What are the priority levels in systemctl logs?
systemctl
logs are categorized by severity levels, ranging from 0
(emergency) to 7
(debug). These priority levels allow you to filter logs based on their importance. You can use the -p
option to filter logs by priority. For example:
journalctl -p err
This will display only error messages. Other priority levels include alert
, critical
, warning
, and info
. Each level helps you focus on the most urgent logs.
How can I clean up old logs using systemctl?
Logs can accumulate quickly, so it’s essential to clean them up periodically. You can remove old logs using the --vacuum-time
or --vacuum-size
options. For example:
journalctl --vacuum-time=2weeks
This will delete logs older than two weeks. Alternatively, you can limit the journal size to free up disk space:
journalctl --vacuum-size=500M
This will delete logs until the total journal size is below 500MB.
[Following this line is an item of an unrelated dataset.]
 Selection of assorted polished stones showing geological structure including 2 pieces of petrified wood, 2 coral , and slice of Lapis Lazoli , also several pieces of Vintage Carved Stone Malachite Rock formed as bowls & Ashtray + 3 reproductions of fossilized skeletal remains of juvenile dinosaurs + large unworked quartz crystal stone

How do I monitor logs for multiple services at once?
You can monitor logs for multiple services by running separate journalctl
commands in parallel using different terminal windows. Alternatively, you can use grep
to filter logs from multiple services. For example:
journalctl -u nginx | grep "error"
journalctl -u apache2 | grep "error"
This will allow you to search for errors across different services in real-time, making it easier to monitor multiple services simultaneously.
What is the difference between systemctl and journalctl?
While systemctl
is used to manage system services and control their states (such as starting, stopping, or enabling them), journalctl
is a command-line tool specifically for viewing and managing logs generated by systemd services. In short, systemctl
handles the management of services, while journalctl
deals with logging and troubleshooting.
How can I forward systemctl logs to an external server?
To forward systemctl logs to an external server, you can configure systemd to send logs to a syslog server. Modify the journald
configuration in /etc/systemd/journald.conf
and set the ForwardToSyslog
option to yes
. For centralized log collection, tools like Fluentd or Logstash can be used to collect and forward logs to external systems. This is helpful for long-term log storage or compliance purposes.
How do I view logs for a specific boot session?
To view logs for the current boot session, use:
journalctl -b
If you want to view logs from the previous boot, use:
journalctl -b -1
This is useful for troubleshooting issues related to a specific system startup.
How do I filter logs by specific keywords or strings?
If you’re looking for specific events in the logs, you can pipe journalctl
with grep
to search for certain keywords. For example:
journalctl -u nginx | grep "connection failed"
This will only show logs where the phrase "connection failed" appears, making it easier to locate relevant log entries.
How can I monitor disk usage from logs?
Heavy logging can affect system performance. To monitor the disk usage of logs, use:
journalctl --disk-usage
This will show you the current disk usage of system logs. You can also use iotop
it to monitor real-time disk writes, which helps you understand how logs are affecting your system’s resources.